Semantic Code Search
The functionality that has to be implemented during the development of a software product is often already available as part of program libraries. It is often advisable to reuse such an implementation instead of rewriting it, for example to reduce the effort for developing and testing the code.
To reuse an implementation that fits the purpose, developers have to find it first. To this end developers already use code search engines on a regular basis. State-of-the-art search engines work on a syntactic level, i.e., the user specifies some keywords or names of variables and methods that should be searched for. However, current approaches do not consider the semantics of the code that the user seeks. As a consequence, relevant but syntactically different implementations often remain undetected ("false negatives") or the results include syntactically similar but semantically irrelevant implementations ("false positives"). The search for code fragments on a semantic level is the subject of current research.
In 2017 we began the development of a new method for semantic code search. The user specifies the desired functionality in terms of input/output examples. A function synthesis algorithm from the literature is then used to create a method that implements the specified functionality as accurately as possible.
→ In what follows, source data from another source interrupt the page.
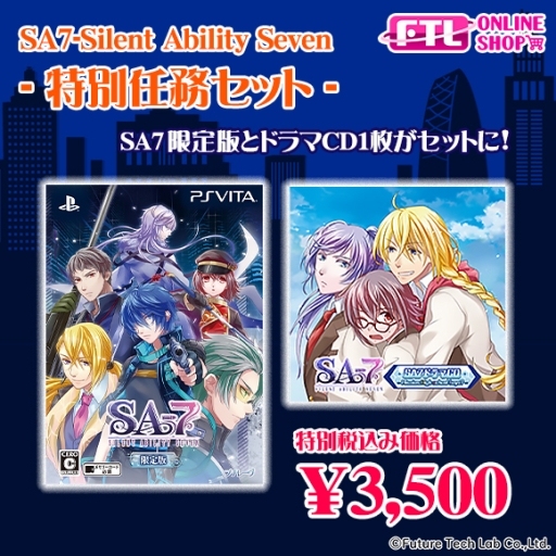 2018年7月6日(金)午前10時から株式会社Future Tech Labの公式オンラインショップ【FTL ONLINESHOP】(https://www.ftlonlineshop.jp/ )にてゲーム&ドラマCD1枚がセットになった「SA7-Silent Ability Seven-特別任務セット」を数量限定販売いたします。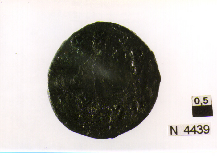R/ testa laureata di Giove a destra, dietro segno del valore; V/ prua a destra, poco leggibile,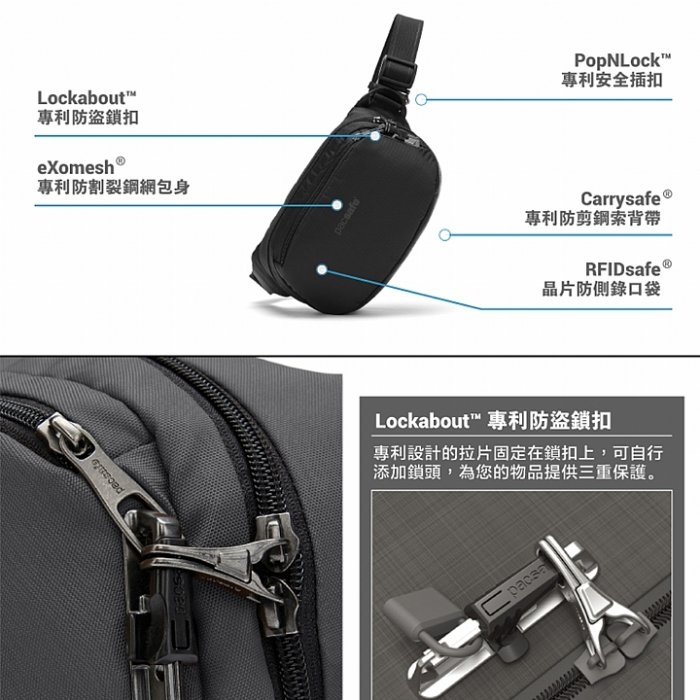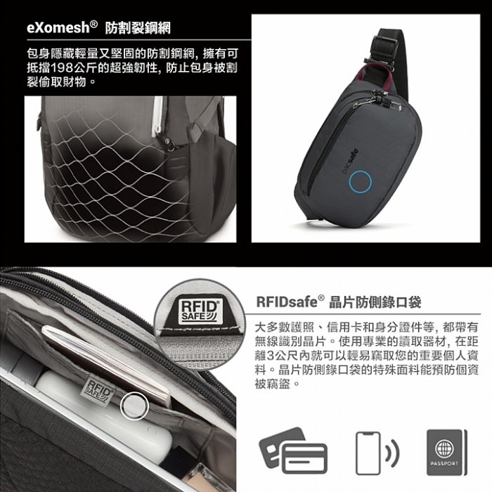 + 抗割裂保護網層(eXomesh Slashguards)袋內鋼網可抵禦小刀割損,財物更安全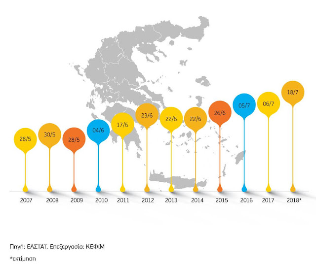 Όπως αναφέρει η μελέτη του ΚΕΦίμ η ημέρα Φορολογικής Ελευθερίας, δηλαδή η ημέρα από την οποία κάποιος σταματά να δουλεύει για την εφορία και ασφαλιστικά Ταμεία και όσα βγάζει είναι για τον εαυτό του, συνεχίζει να φτάνει κάθε χρόνο και αργότερα, απορροφώντας όλο και μεγαλύτερο μέρος των εισοδημάτων που παράγουν οι Έλληνες και οι Ελληνίδες.

Using our approach to detect similar code fragments, this synthesized method is then compared to the methods of program libraries to find semantically similar implementations. These implementations are then presented as search results to the user. A first evaluation of our prototypical implementation shows the feasibility and practicability of the approach.

Clustering of Similar Code-Changes
To create generalized change patterns, it is necessary that the set of extracted code changes is split into subsets of changes that are similar to each other. In 2015 this detection of similar code changes was improved and resulted in a new tool, called C3. We developed and evaluated different metrics for a pairwise similarity comparison of the extracted code changes. Subsequently, we evaluated different clustering algorithms known from the literature and implemented new heuristics to automatically choose the respective parameters to replace the previous naive approach for the detection of similar code changes. This clearly improved the results compared to the previous approach, i.e., C3's new techniques detect more groups of similar changes that can be processed by SIFE to generate recommendations.
The aim of the second improvement is to automatically refine the resulting groups of similar code changes. For this purpose we evaluated several machine learning algorithms for outlier detection to remove those code changes that have been spuriously assigned to a group.
In 2016 we implemented a new similarity metric for the comparison of two code changes that essentially considers the textual difference between the changes (as generated, for example, by the Unix tool 'diff'). We published both a paper on C3 and the dataset (consisting of groups of similar changes) that we generated for the evaluation of our tool under an open-source license, see . This dataset can be used as a reference or as input data for future research.  In addition, we prototypically extended C3 by techniques for an incremental similarity computation and clustering. This allows us to reuse results from previous runs and to only perform the absolutely necessary work whenever new code changes are added to a software archive.